10. Sale-Leaseback Transaction
     During the quarter ended March 31, 2006, the Company entered into a sale-leaseback arrangement with Tweet Canton LLC, an unrelated party. The Company sold its Canton, Massachusetts distribution and corporate properties, including land and related leasehold improvements, located at 10 and 40 Pequot Way, Canton, Massachusetts, to Tweet Canton LLC for the sum of $13,750,000 and the Company entered into a 16-year lease agreement (with two additional successive option periods for ten and nine years, respectively) with Tweet Canton LLC. Under the new lease agreement the Company will make rental payments of $1,200,000 in year one of the lease, $1,220,000 in year two of the lease, $1,230,000 in year three of the lease, $1,240,000 in each of lease years four through ten, and $1,325,000 in each of the remaining six years of the lease term. The Company received approximately $13.5 million associated with this transaction, net of related fees, which was used to pay down existing debt. The Company recorded a deferred gain of approximately $4.6 million on the sale for the nine months ended June 30, 2006, which is being amortized over the life of the lease.

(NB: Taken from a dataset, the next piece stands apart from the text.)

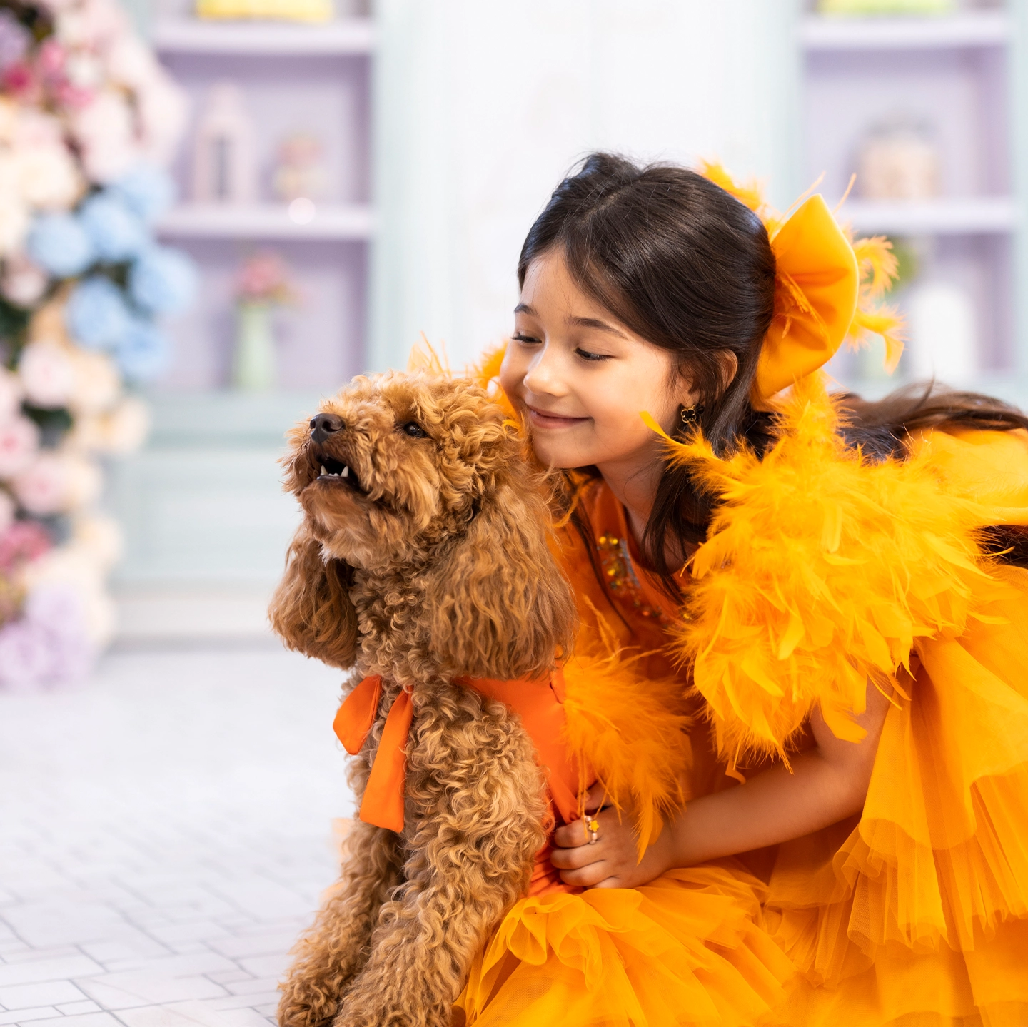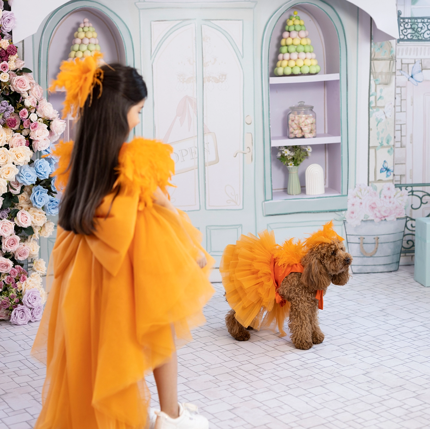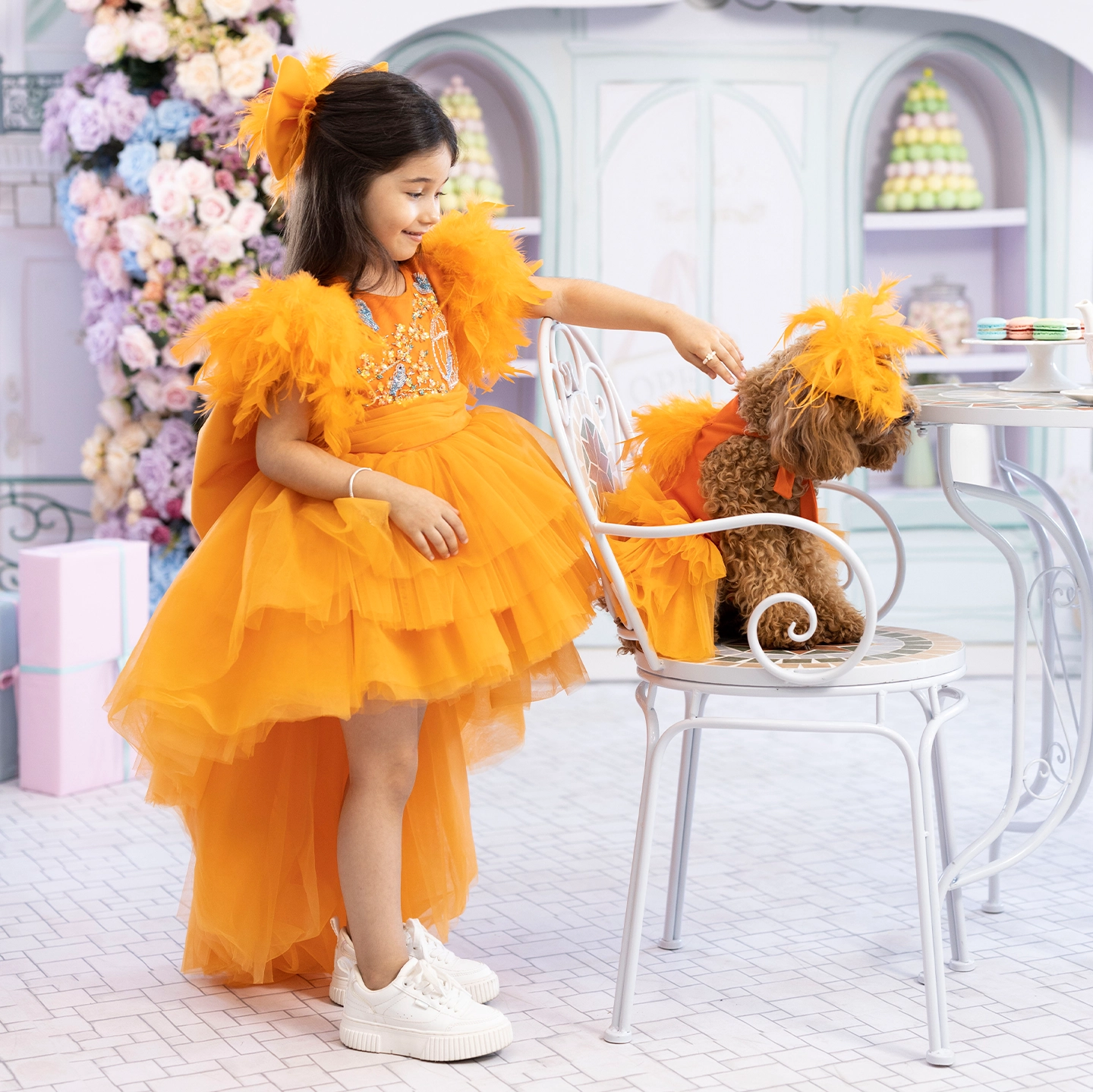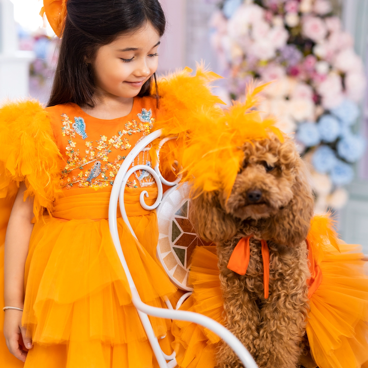 Önü kısa arkası uzun tasarlanan turuncu elbise, kat kat %100 ipek tül ile hacim kazanır. Üst bedende mavi kuşlar ve çiçekli kafesler, İtalyan kristalleri ve gerçek Swarovski taşlarla işlendi. Kollarda gerçek kuş tüyleri kullanıldı. İç astar %100 pamuk, alt etek ise formunu koruyan yırtılmaz tül ile güçlendirildi.

Item 2. Management’s Discussion and Analysis of Financial Condition and Results of Operations.
INTRODUCTION
     We are a specialty retailer of mid- to high-end audio and video consumer electronics products. As of June 30, 2006, we operated 153 stores under the Tweeter, hifi Buys, Sound Advice and Showcase Home Entertainment names. Our stores are located in the following markets: New England, the Mid-Atlantic, the Southeast (including Florida), Texas, Chicago, Southern California, Phoenix and Las Vegas.
     During the third quarter of fiscal year 2005 we initiated a restructuring plan designed to close 19 underperforming stores and re-align our resources and cost structure. As of July 20, 2006 we had executed 13 lease termination agreements or sublet agreements, were in the process of completing negotiations on one location and had five locations remaining to be negotiated.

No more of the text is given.